- _What is needed_:
For this exercise, copy the records below exactly and exclude every image.
________
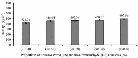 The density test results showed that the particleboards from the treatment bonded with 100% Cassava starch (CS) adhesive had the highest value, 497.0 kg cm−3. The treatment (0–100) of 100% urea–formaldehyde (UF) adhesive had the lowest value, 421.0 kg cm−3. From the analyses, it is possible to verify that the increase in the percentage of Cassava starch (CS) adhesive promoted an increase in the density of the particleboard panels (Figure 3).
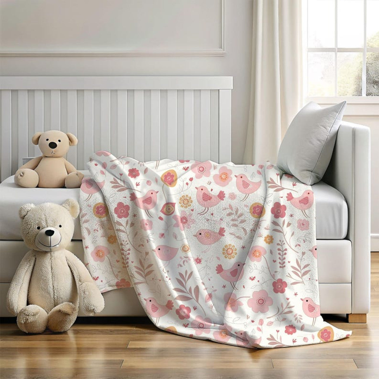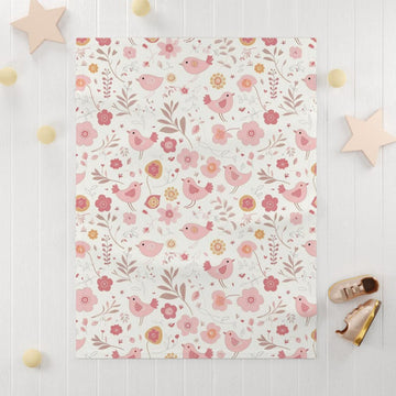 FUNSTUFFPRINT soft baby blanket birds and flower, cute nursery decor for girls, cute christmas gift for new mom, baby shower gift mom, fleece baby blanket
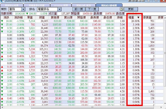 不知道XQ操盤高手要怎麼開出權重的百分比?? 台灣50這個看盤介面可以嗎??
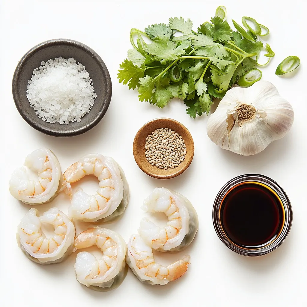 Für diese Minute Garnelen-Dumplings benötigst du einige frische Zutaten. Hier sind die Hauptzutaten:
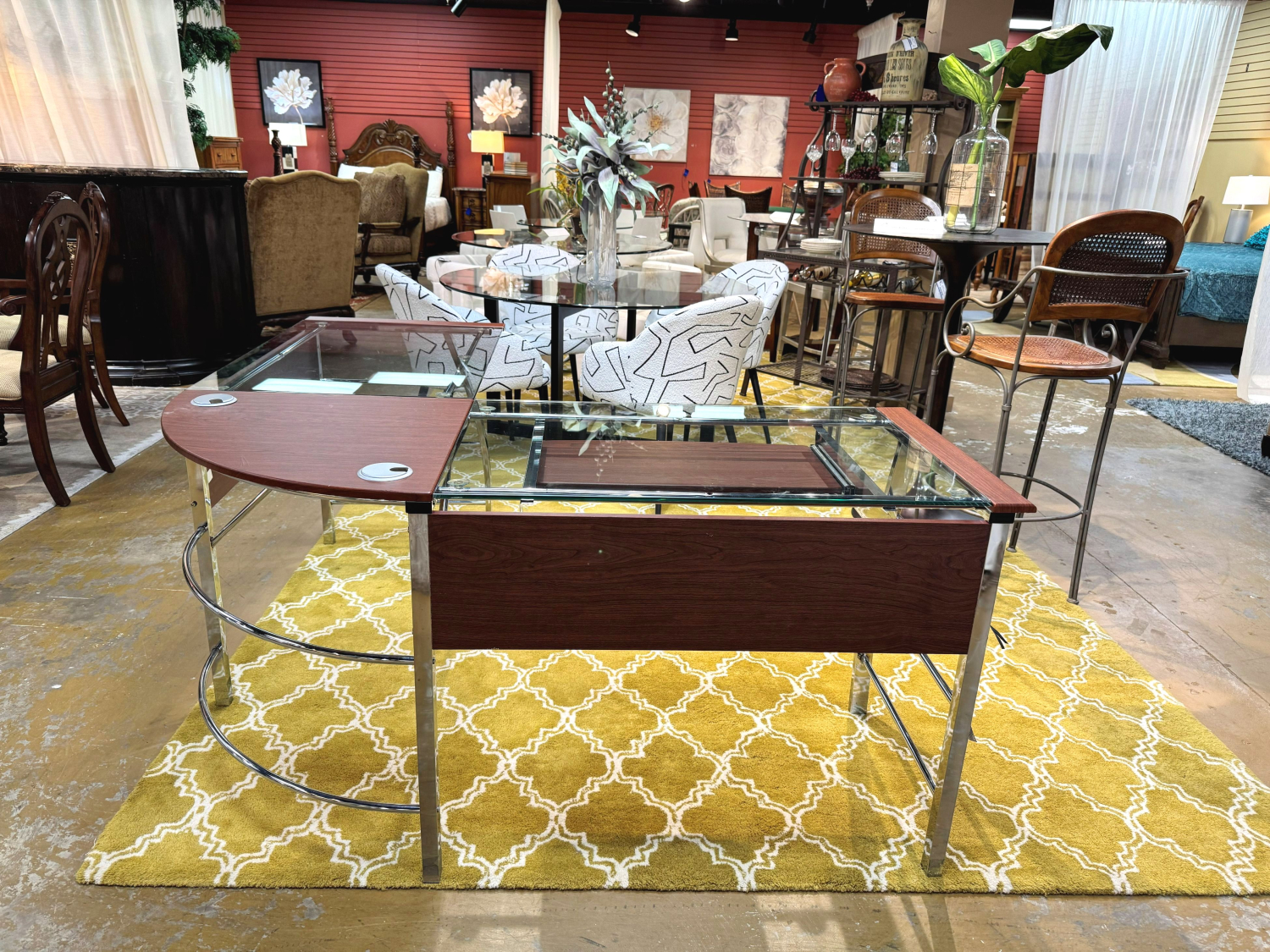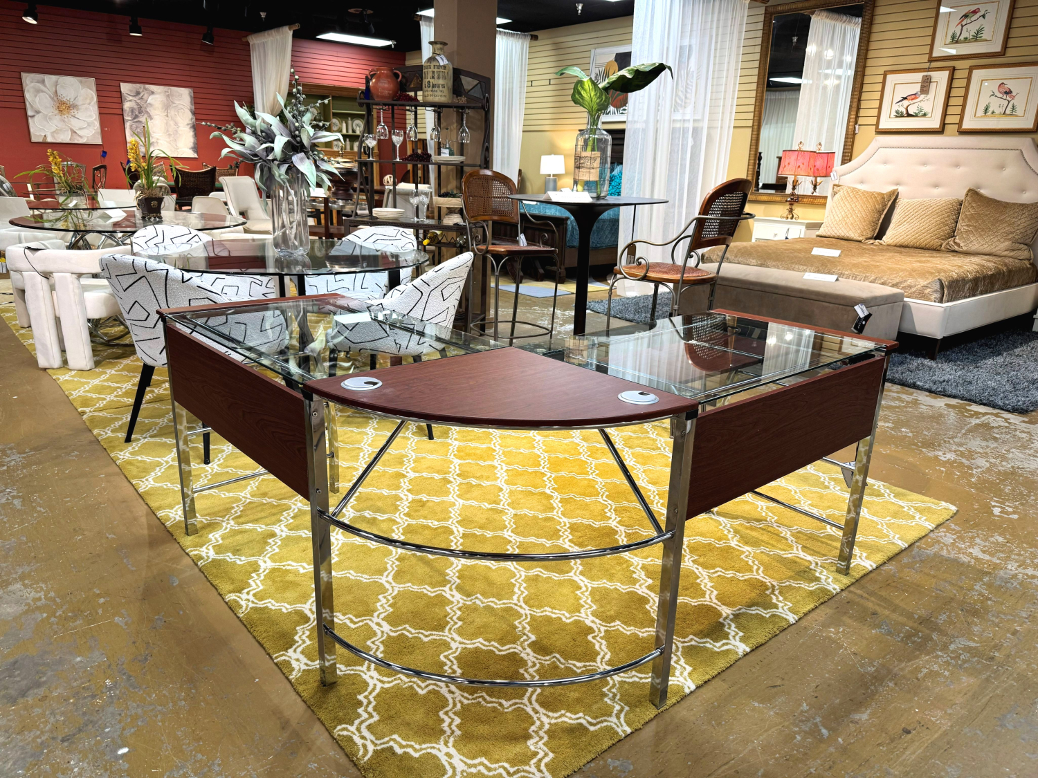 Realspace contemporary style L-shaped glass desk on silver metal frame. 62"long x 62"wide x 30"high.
________
- _Result_:
 The density test results showed that the particleboards from the treatment bonded with 100% Cassava starch (CS) adhesive had the highest value, 497.0 kg cm−3. The treatment (0–100) of 100% urea–formaldehyde (UF) adhesive had the lowest value, 421.0 kg cm−3. From the analyses, it is possible to verify that the increase in the percentage of Cassava starch (CS) adhesive promoted an increase in the density of the particleboard panels (Figure 3).
 FUNSTUFFPRINT soft baby blanket birds and flower, cute nursery decor for girls, cute christmas gift for new mom, baby shower gift mom, fleece baby blanket
 不知道XQ操盤高手要怎麼開出權重的百分比?? 台灣50這個看盤介面可以嗎??
 Für diese Minute Garnelen-Dumplings benötigst du einige frische Zutaten. Hier sind die Hauptzutaten:
 Realspace contemporary style L-shaped glass desk on silver metal frame. 62"long x 62"wide x 30"high.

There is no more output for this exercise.